Laravel Mix extension to compile Twig templates to HTML
Install the extension:
npm install @webrgp/laravel-mix-twig --save-dev
Then require and configure the extension within your webpack.mix.js.
const mix = require('laravel-mix')
require('@webrgp/laravel-mix-twig')
// mix.twig('your source folder', 'your dist or public folder', {your advance configuration})
mix.twig('src/templates', 'public')
Files or folders prefixed with an underscore are ignored from html output.
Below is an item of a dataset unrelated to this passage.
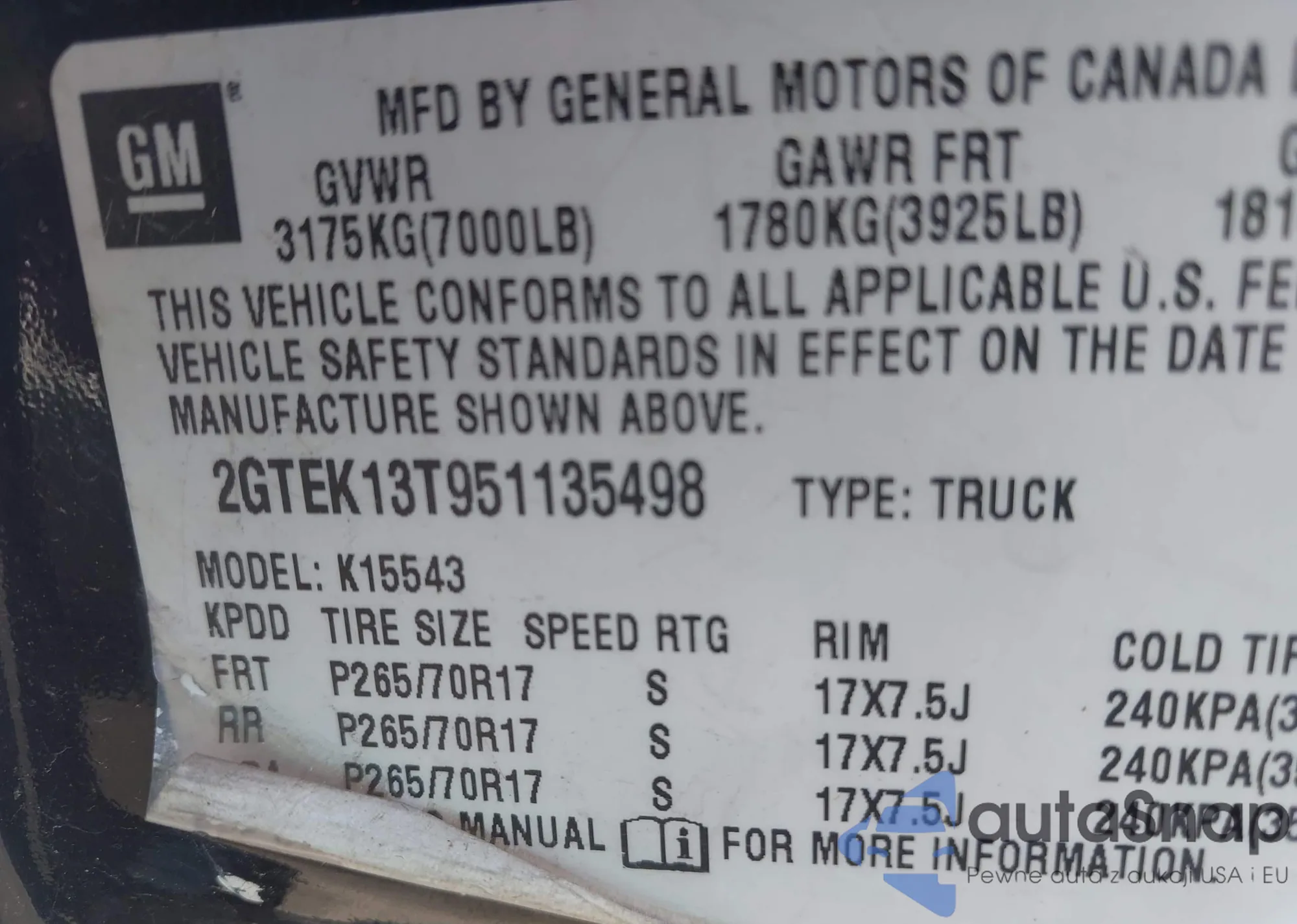 VIN: 2GTEK13T951135498

This is a handy feature for ignoring component and layout files.
Ignored files:
/_components/header.twig
/_layouts/base.twig
/_include.twig
Name | Type | Default | Description |
---|---|---|---|
files * | string |
`` | Paths to your twig source files (supports minimatch) OR An array of objects to pass to html-webpack-plugin |
fileBase * | string |
`` | The base path to your template folder |
options | object |
{} |
Customizations options |
* = Required
These are the folowing options you can pass:
Set global variables like this:
mix.twig('src/templates', 'public', {
data: {
msg: 'Hello World'
}
})
That will be available to all templates:
<h1>{{ msg }}<h1/>
Enables debug or trace info logging (defaults to false)
mix.twig('src/templates', 'public', {
debug: true,
trace: true
})
Custom functions can be added through { functions: [ [String, Callback] ] }
For example, a function that repeats a string could look like:
mix.twig('src/templates', 'public', {
functions: [
[
'repeat',
function (value, times) {
return new Array(times + 1).join(value)
}
]
]
})
And you can use it in a template like:
{{ repeat("_.", 10) }}
{# output: _._._._._._._._._._. #}
Custom filters can be added through { filters: [ [String, Callback] ] }
For example, if you wanted to add a filter that reversed words in a sentence, you could do the following:
mix.twig('src/templates', 'public', {
filters: [
[
'backwords',
function (stringValue) {
return stringValue.split(' ').reverse().join(' ')
}
]
]
})
Then, in your templates you can use:
{{ "a quick brown fox"|backwords }}
{# outputs: fox brown quick a #}
Custom filters with arguments are also supported:
mix.twig('src/templates', 'public', {
filters: [
[
'catify',
function (value, args) {
return args.reduce(
(newString, toCatify) => newString.replace(toCatify, 'cat'),
value
)
}
]
]
})
{{ "the quick brown fox jumps over the lazy dog"|catify('fox', 'dog') }}
{# outputs: the quick brown cat jumps over the lazy cat #}
Custom tags can be added through { extend: [ function(Twig) ] }
where the Twig argument is Twig.js's internal object. Read more here.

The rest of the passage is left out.